When the University of Wisconsin at Milwaukee surveyed its employees last year about how the pandemic was affecting them, the results were alarming: Among the 631 university employees who responded, 73 percent reported having one symptom of post-traumatic stress disorder caused by the pandemic. Nearly 40 percent reported having three or more symptoms.

That’s not what you’d expect from people who generally have stable jobs and health insurance, said James (Dimitri) Topitzes, a professor of social work at UW-Milwaukee and co-founder and director of clinical services at the Institute for Child and Family Well-Being.

“For many people, the pandemic is not just an irritant,” Topitzes said. “It really destabilized folks.”

Those were among the findings that Topitzes and Adam Jussel, the dean of students, shared from a 2021 study of how faculty and staff members were coping with Covid and how the university could better support its roughly 6,700 employees. Most survey respondents were white women; 69 percent were staff members, 26 percent were faculty members, and 5 percent were student employees. Topitzes and Jussel soon hope to publish their work in a peer-reviewed journal.
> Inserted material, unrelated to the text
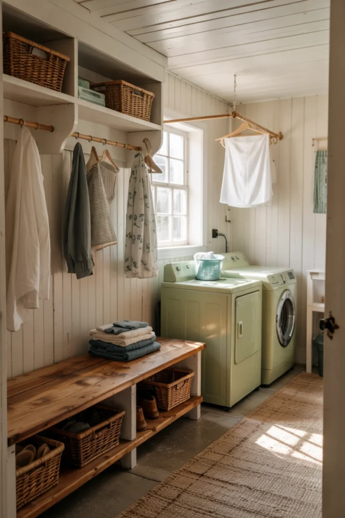 Combining mudrooms with laundry areas maximizes efficiency. Shared storage and surfaces streamline daily chores while saving space.

According to the study, people who were younger, had caregiving responsibilities, experienced social isolation, or lost loved ones to Covid-19 were more likely to report symptoms of PTSD. “As stress accumulates, it can start to overwhelm coping skills and move into the terrain of traumatic stress,” Topitzes said.

Some of the findings were a mixed bag: While 30 percent of respondents said they weren’t optimistic about their careers or the future, 35 percent said their lives had improved during the pandemic.
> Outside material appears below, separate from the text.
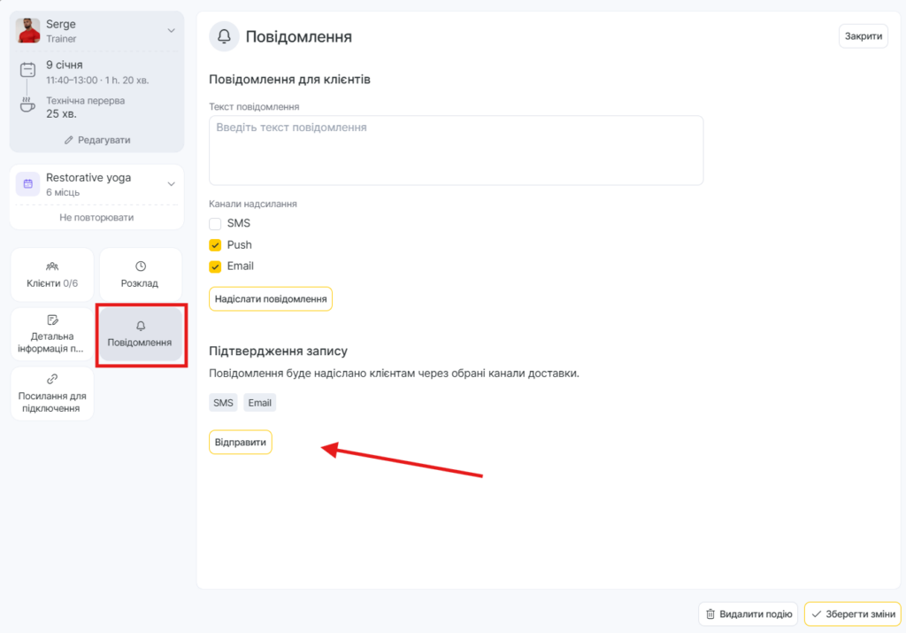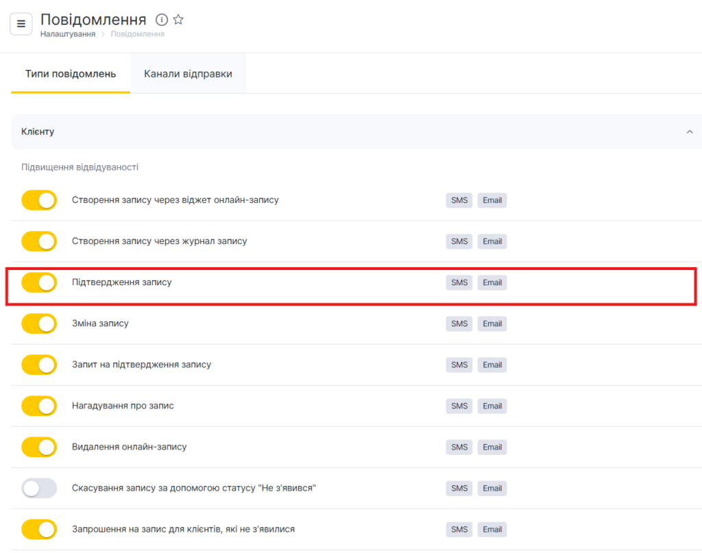Виберіть тип Повідомлення клієнта про Підтвердження запису

Topitzes and Jussel, along with their co-authors, found that several strategies appeared to reduce the risk of PTSD symptoms. Some of them weren’t surprising: spending time outdoors, with pets, and with family or friends. But one was: working emerged as a successful coping mechanism.

Even though work was often a stressor for people over the past two years, it could also be a de-stressor — especially when the work was meaningful and involved social connection.

People didn’t want to be just answering emails and pushing papers, Topitzes said; they wanted to be taking on passion projects and collaborating with colleagues. Work also provided some human interaction at a time when people were feeling isolated, and offered people an opportunity to serve others, which research has shown to be beneficial for those experiencing trauma, Topitzes said.

Some university employees complained in the survey about increased workloads, resulting in large part from pandemic-era financial turmoil, furloughs, and hiring freezes. In the immediate term, there’s not much the university can do about staffing shortages.

But if managers cut back busywork and meetings and instead gave employees more creative outlets, that could help reduce frustration and avoid burnout, Topitzes said.

Jussel pointed to the cross-departmental campus-response teams that have formed during the pandemic, which have improved institutional communication and encouraged collaboration, as a potential model for the future.